– Ох, какое небушко пригожее! Глаза просмотришь! – сиплым придыханием пропела мама из-за киркиной спины, будто колоколом, звякнув полым бидоном. – Вот что, сынка, надо рисовать!
Алюминиевый звон щекотнул уши.
– Я его и рисую, – мирно отозвался сын, прислушиваясь к исчезающему звуку.
– Рисуй, рисуй. Какая красотища! Да?
– Красиво.
Что-то немного похожее Кирилл когда-то находил на тяжелых страницах двух широченных альбомов «Европейская живопись», но небо там у них было не главным. А в поселке оно заметно всегда и постоянно высокое везде. Не бывает в Будылино низкого неба, как в городе. Это оттого, что на пяти холмах вокруг затопленного карьера, то есть, по берегам зеркального озера построен их большой поселок городского типа, и в каждом окне – не кривой сарай с огородом, а стройная панорама стеклянных облаков или звезд.
И зачем от такой красоты уезжать?
Была еще одна серьезная причина, по которой Кирюша Будылин не стал доучиваться после девятого класса. Дело в том, что мама один раз серьезно заплакала. Сволочь он, что ли? Конечно, остался и как все пошел себе работать на стекольный завод в бригаду Кирющенко, куда брали всех молодых.
А ведь сначала обстоятельно собирался поступать в училище, в город.
Птичий характер. Готовился-готовился, и никуда не поехал. Долго исправлял годовые оценки, через силу читал учебники и книги по программе на два класса вперед. И не поехал. Вечерами торчал или у Юры Петровича в клубе на занятиях изостудии, или в собственной, как бы, студии – в мансарде, оборудованной на чердаке. Не поехал. Ну и ладно, не поехал и не поехал. Дома тоже хорошо.
Здесь во всех его студиях жили-были сказочные лебеди. В разнообразных техниках: карандашом, пером, пастелью, гуашью, акрилом, маслом он всегда писал только их. Ну, не исключительно, а в основном.
Восторженный Юра громко нахваливал не только лебедей, но и все пейзажи, редкие портреты, предметы, даже шрифты, которые рисовал Кирилл. Схватывал еще не просохший лист и носился, как курица по поселку, восхищенно показывая картинку равнодушным встречным. Какой-то барагоз, а не учитель.
На мокрую курицу в эти моменты он походил. Неряшливый, худой, взъерошенный, остроголосый, остроносый, кудахтал добрые слова, размахивая длинными гибкими пальцами, и то снимал, то надевал очки.
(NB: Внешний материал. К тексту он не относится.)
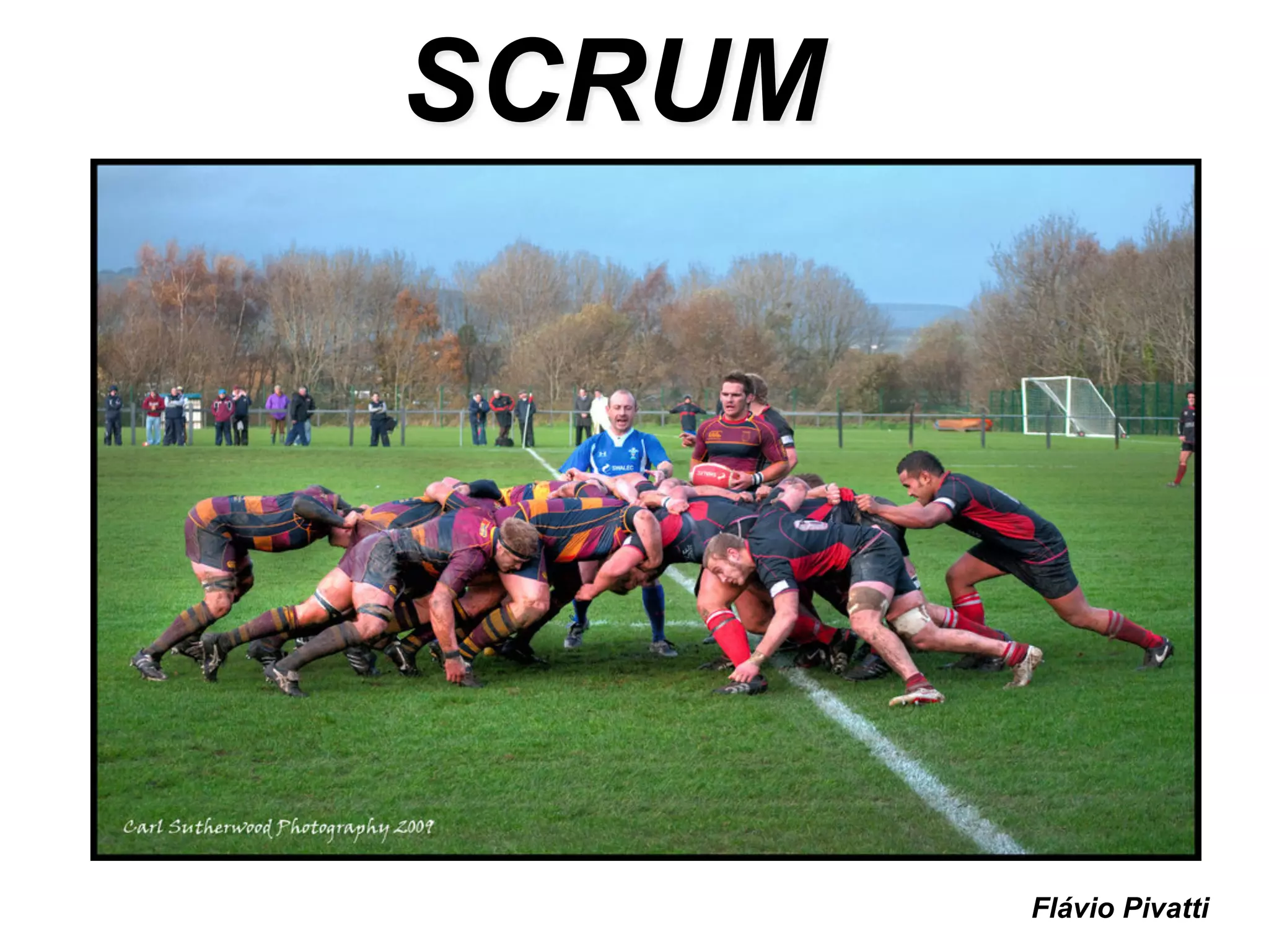 Scrum é uma metodologia ágil para desenvolvimento de projetos que surgiu nos anos 1990. Ela propõe entregas mais rápidas de projetos complexos através de papéis como Product Owner, Scrum Master e Scrum Team, artefatos como Product Backlog e Sprint Backlog, e cerimônias como Sprint Planning, Daily Scrum e Sprint Retrospective.

Потом летел обратно в клуб оформлять свежий киркин шедевр в паспарту и багет. Персональная лебединая выставка уже кое-как умещалась на стенке клубного фойе.
Продолжать учебу настоятельно посоветовал вечно суматошный Петрович, притормозив однажды бегущего домой мальчишку в сенцах одноэтажной школы. Он был у них учителем всего на свете: истории, литературы, биологии, рисования.
– Ну-ка, ну-ка, шантрапа, постой! Куда летишь?
– Купаться, дядя Юра.
– На изостудию придешь?
– Приду.
– Будет разговор, готовься! Ты мне скажи, учиться дальше собираешься?
– Где?
– В городе, конечно! Где еще? У нас тут нету старших классов для тебя. А ты у нас один такой ученичок, которому они нужны. Догадываешься? Вечером поговорим.
И ведь не поленился, скатался уже до города, разыскал там своих старых однокурсников, у которых, кажись, были знакомые в художественном училище. Показал им несколько работ, те похвалили. Рассказал еще, что в городском зоопарке есть настоящие лебеди. Их же можно смотреть каждый день! Кирочка и размечтался по-серьёзке.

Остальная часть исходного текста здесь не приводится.